土壌有機炭素は、もともと植物が光合成で大気から吸収した炭素に由来するので、土壌有機炭素が増加するとその分だけ、大気のCO2が減少することになります。この現象を 「土壌の炭素貯留」 と呼びます。
2.改良 RothC モデル
ローザムステッド・カーボン・モデル ( Rothamsted Carbon Model: RothC ) という英国で開発された土壌炭素動態モデルを、日本各地の水田や畑の有機物や肥料の長期連用試験データを使って検証し、改良してきました。これを 「改良 RothC モデル」 と呼びます。このサイトでは、この 「改良 RothC モデル」 を使って計算が行われています。

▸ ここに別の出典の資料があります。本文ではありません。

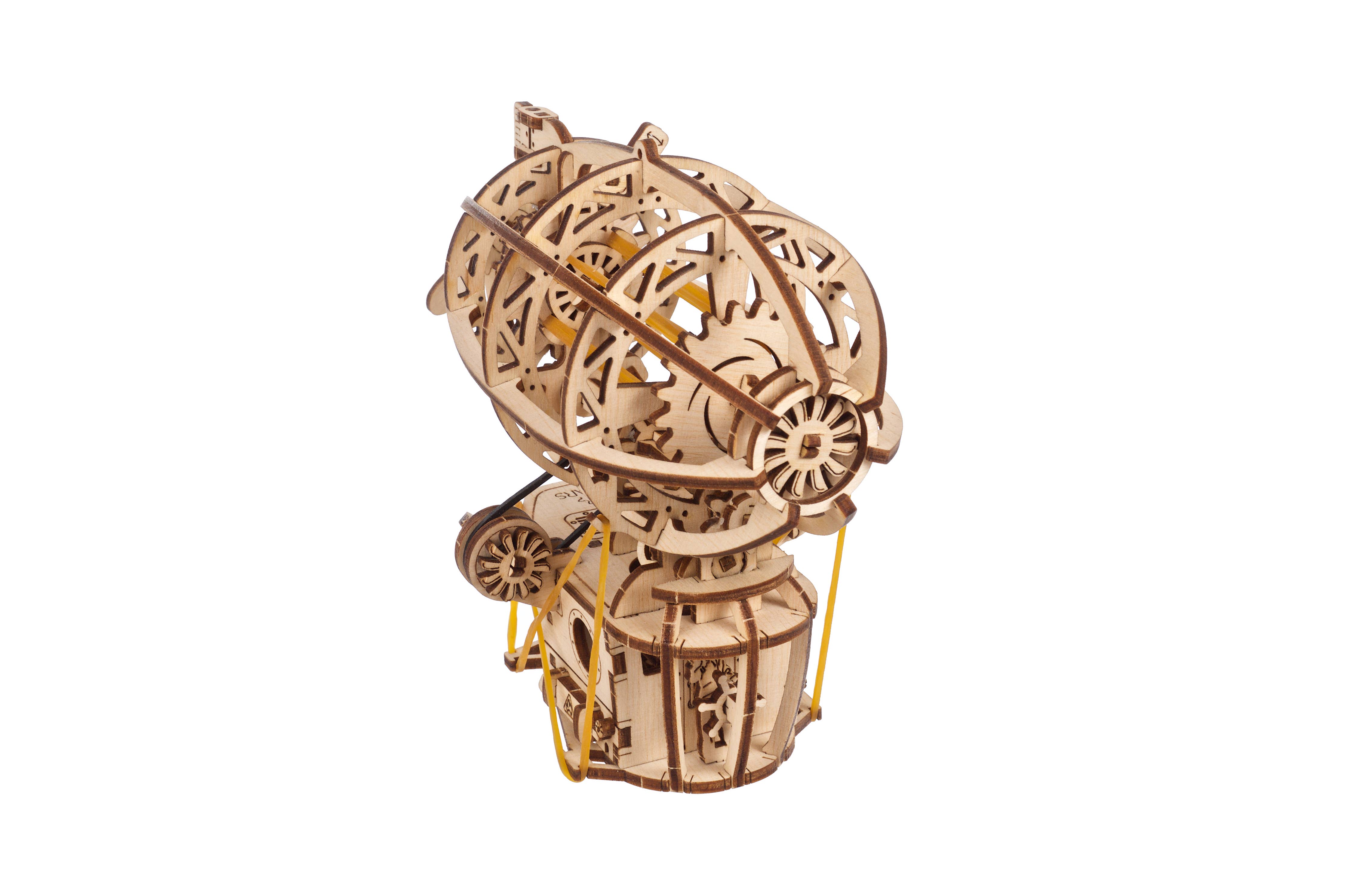 Assemble me. Take to the skies for grand adventures! Build a cabin in the sky, suspend it from a balloon and soar away through the clouds on grand adventures with the Steampunk Airship, a fanciful wooden mini model zeppelin. This DIY mini dirigible has that throwback steampunk sensibility Ugears is known for, with a tugboat-style cabin and back porch, wind-up rubber band motor with Start/Stop switch, engine-driven propellers, spinning ship's wheel, movable stabilizers, and wheels that allow the model to turn back and forth up to 2m along a flat surface, giving the thrill of mechanical motion. Our whimsical Airship features only 170 parts and is rated "Easy" so that even beginners can build this fanciful flyer.
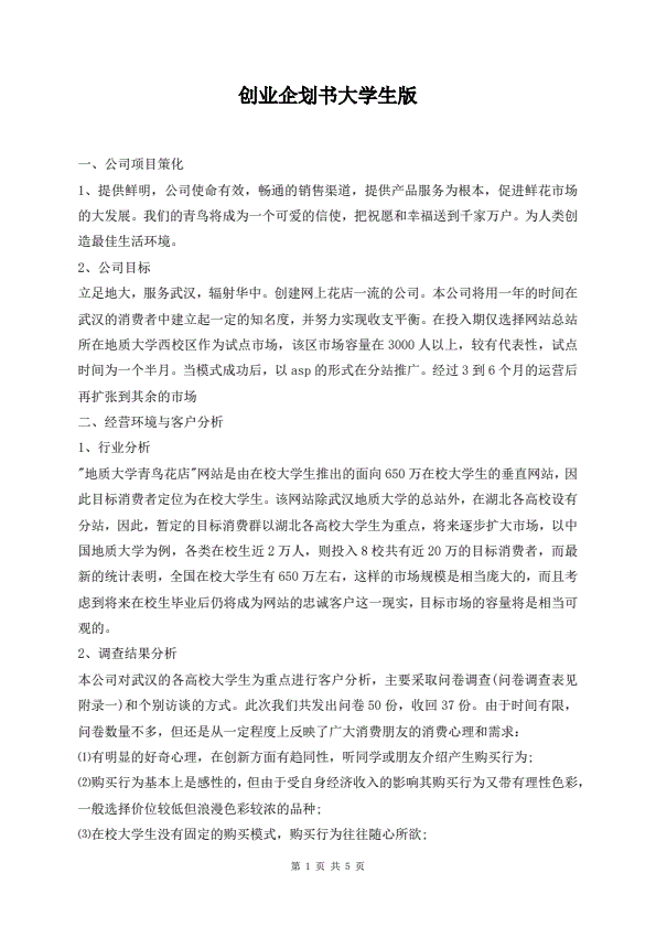 创业企划书大学生版

このモデルは、土壌中の有機炭素を分解率の異なる5つの画分に分けて計算し、気象、土壌、管理の基本的な情報を入れるだけで、土壌炭素量の変化を1か月単位で計算します。
3.土壌炭素を20年間計算
一般的に、土地利用や管理を変えて長年継続すると、図5 の破線のように、土壌炭素ははじめ急激に、その後ゆっくりと変化し、20年程度でほぼ一定の値になります (国の温室効果ガスの排出量を報告する方法を示した IPCC (気候変動に関する政府間パネル: Intergovernmental Panel on Climate Change ) ガイドラインでも、これを簡略化して、図5 の実線のように20年で直線的に変化し、その後はほぼ一定の値をとるよう仮定しています)。そこで、このサイトでも、20年間の土壌炭素量の変化を予測することにしました。